The method is subsequently implemented onto a HSS tapered roller bearing within a wind turbine gearbox in the field to explore the variation of bearing lubrication condition with turbine operation. From the field measurements, all of the measurements taken at steady turbine operation (1550 RPM) are fully lubricated. It was found that majority of insufficiently lubricated and partially lubricated conditions and also instances of variation in lubrication conditions within the bearing loaded zone occur during transient turbine operation. Transient operation (0–1549 RPM) is a result of multiple turbine operating events such as generator-grid engagement [1], emergency turbine braking and pitching of blades during cut-out wind conditions.

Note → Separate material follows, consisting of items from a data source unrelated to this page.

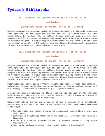 Tydzień Biblioteka VIII Ogólnopolski Tydzień Biblioteka 8 – 15 Maj 2011r pod hasłem „Biblioteka zawsze po drodze, nie mijam – wchodzę” Google próbowały szacunkowo policzyć wydane książki i w sierpniu ubiegłego roku ogłosiło, że naliczyło ich 129 864 880 wol. Już wtedy była to liczba nieaktualna, bo każdego roku na półkach księgarskich pojawiają się miliony nowych – w Polsce niebędącej edytorskim potentatem w 2010 roku wydano ponad 31 tysięcy książek. W największych bibliotekach świata znaleźć można tylko ich niewielką część – w Bibliotece Kongresu Stanów Zjednoczonych zgromadzono 20 mln, a w Bibliotece Jagiellońskiej ponad 2 mln. VIII Ogólnopolski Tydzień Biblioteka 8 – 15 Maj 2011r pod hasłem „Biblioteka zawsze po drodze, nie mijam – wchodzę” Google próbowały szacunkowo policzyć wydane książki i w sierpniu ubiegłego roku ogłosiło, że naliczyło ich 129 864 880 wol. Już wtedy była to liczba nieaktualna, bo każdego roku na półkach księgarskich pojawiają się miliony nowych – w Polsce niebędącej edytorskim potentatem w 2010 roku wydano ponad 31 tysięcy książek. W największych bibliotekach świata znaleźć można tylko ich niewielką część – w Bibliotece Kongresu Stanów Zjednoczonych zgromadzono 20 mln, a w Bibliotece Jagiellońskiej ponad 2 mln. Digitalizacja, czyli zapis cyfrowy, ciągle pozostaje w fazie początkowej – największa internetowa biblioteka świata Uniwersal Libray zawiera niespełna 2 mln. Pozycji – codziennie wzbogaca się o 7 tysięcy nowych. A więc najlepsza wyszukiwarka długo jeszcze nie zastąpi profesjonalnego bibliotekarza, który wie czego i gdzie szukać. (teks J.Raszeja, Cogito nr 9/375, dostępnego w czytelni biblioteki). Nasza biblioteka przygotowała szereg atrakcji związanych z książkami, popularyzacją czytelnictwa. Maj to szczególny czas dla czytelników młodszych i starszych. Zostaje zgłoszona lista najbardziej oczytanych czytelników i przyznane trzy tytuły Najbardziej Oczytanego Małolata w Przedszkolu , w Szkole Podstawowej i Gimnazjum Zajęcia z dziećmi przedszkolnymi w ramach projektu „Czytające Przedszkole” Przyznanie Dyplomu od dzieci „Przyjaciel Dzieci i Biblioteki” Wystawy okolicznościowe „Rok Milosza 2011″ Ogłoszenie konkursu plastyczno – technicznego Z okazji 130 rocznicy urodzin bohatera książki Carla Collodiego „Pinokio” z tej okazji odbędą się specjalne zajęcia tj. „głośne czytanie” fragm. książki zgaduj zgadula literacka Kontynuacja akcji „Uwalniamy książki”, która będzie przez cały maj prowadzona do chwili obecnej tj. Od Święta Książki z Różą uwolnionych zostało ponad 500 książek z okazji Święta Bibliotekarza odbędzie się spotkanie bibliotekarzy z powiatu lubańskiego w „TRECIE” herbaciarni Słów modlitewnych kilka do św. Wawrzyńca, opiekuna bibliotekarzy Niech święte bramy bibliotek pozostaną święte w każdym mieście wsi i przysiółku niech żywioły a przede wszystkim nierozumny człowiek nie czynią szkody niech twoje święte bramy pozostaną ciągle otwarte dając schronienie rozumnym przed żarem słonecznym i śniegiem przed na wietrze falującym nieporozumieniem i niech ścieżki prowadzące do bram są wciąż na nowo deptane a bibliotekarzom wybacz smutek stojących na straży czasu a szaty ich niech pozostaną szare a ich puste pełne ręce niech będą jak od deski do deski nieprzebyte przestrzenie gdzie gwiazdy na zawsze pozostaną białe a trawa zielona PINOKIO 130 rocznica urodzin – bohatera książki Carla Collodiego „PINOKIO” z tej okazji Miejska Biblioteka Publiczna ogłasza konkurs plastyczno – techniczny pod hasłem Pinokio ma urodziny” „ prace można składać do 17 czerwca 2011r w MBP PINOKIO 130 rocznica urodzin – bohatera książki Carla Collodiego „PINOKIO” z tej okazji Miejska Biblioteka Publiczna ogłasza konkurs plastyczno – techniczny pod hasłem Pinokio ma urodziny” „ prace można składać do 17 czerwca 2011r w MBP Tydzien bibliotek Książka i róża Książka i róża „po mazowiecku” Niedawno obchodziliśmy święto „Święto książki z różą” w naszej Bibliotece. Tymczasem w wojewódzctwie Mazowieckim władze zorganizowali bardzo ciekawą akcje, mającej na celu zachęcić do czytania i kupowania książek. W całej akcji weźmie udział 61 księgarnii w całym województwie. W najblizszy czwartek i piątek (28-29.04.2011) będzie można kupić ulubione tytuły w rabatowych cenach od 10% do 20%. Więcej szegółów tutaj. My oczywiście popieramy takie działania i czekamy, aż bliżej naszej miejscowości zorganizowane zostaną podobne akcje :) życzenia wielkanocne Najserdeczniejsze życzenia zdrowych, radosnych i spokojnych Świąt Wielkiej Nocy, smacznego jajka, mokrego dyngusa, a także odpoczynku w rodzinnym gronie życzą Pracownicy Miejskiej Biblioteki Publicznej. Protokół z konkursu „Mój pomysł na Palmę Wielkanocną” Protokół z konkursu „Mój pomysł na Palmę Wielkanocną” Wszystkie prace można podziwiać tutaj Komisja w dniu 14 kwietnia 2011r oceniła prace i przyznała nagrody w kategoriach: Protokół z konkursu „Mój pomysł na Palmę Wielkanocną” Wszystkie prace można podziwiać tutaj Komisja w dniu 14 kwietnia 2011r oceniła prace i przyznała nagrody w kategoriach: prace zbiorowe I miejsce grupa STOKROTKI II miejsce grupa MUCHOMORKI prace indywidualne I miejsce Marta Puzio, Nela Nikadon, Magda Tchórz SP nr 1 w Lubaniu II miejsce Dominik Adam II miejsce Wojciech Dąbrowicki SP nr 1 w Lubaniu III miejsce Natalia Grońska III miejsce Kasia Jankowiecka III miejsce Natalia Rewers III miejsce Daniel Kiwiński praca ekologiczna I miejsce Jakub Olszewski Nagrody specjalne od Radnych Komisji Oświaty i Promocji dla Julii Wasilewskiej, Marcela Szczekulskiego, Mateusza Podkomorzego od pracowników Miejskiej Biblioteki Publicznej dla Weroniki Niewiadomskiej od kierownik
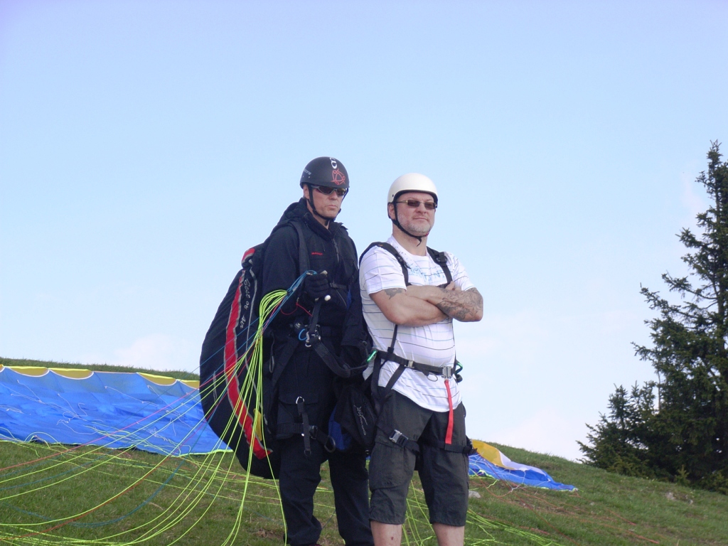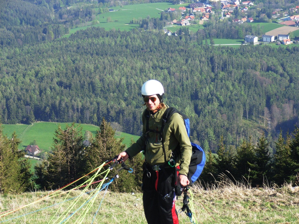 Diese Fotos wurden am 01.05.2010 am Süd-Ost-Startplatz des Schöckl´s aufgenommen. Dieser mutige Mann der einen Tandemflug mit mir gewagt hat, ist kein anderer als unser Carlos vom Laufhaus 61 in Graz. |
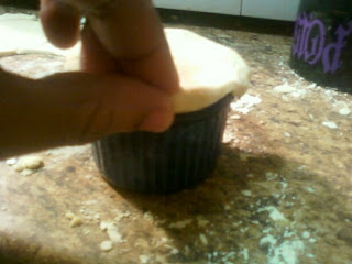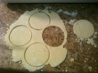 Cut your dough ball in half (it takes half the dough ball to make the crusts for four pies). Using a rolling pin, roll your dough out to the desired thickness. Use the appropriate size biscuit cutter to form a round disc (my ramekins required a medium biscuit cutter).

It is thought to occur around 3000 times per year for a turbine [1] and such events are typically accompanied with torque fluctuations, reversals [1,38,39] and overloading [40] in gearbox bearings, theorized to result in premature failure through white etching crack [41]. With the addition of lubrication issues alongside overloading instances during transient conditions, the risk of premature failure through other modes such as adhesive or abrasive wear, scuffing, and fretting also increased. Subsequently, adequate bearing lubrication at both transient and steady state operation is necessary to prevent premature bearing degradation.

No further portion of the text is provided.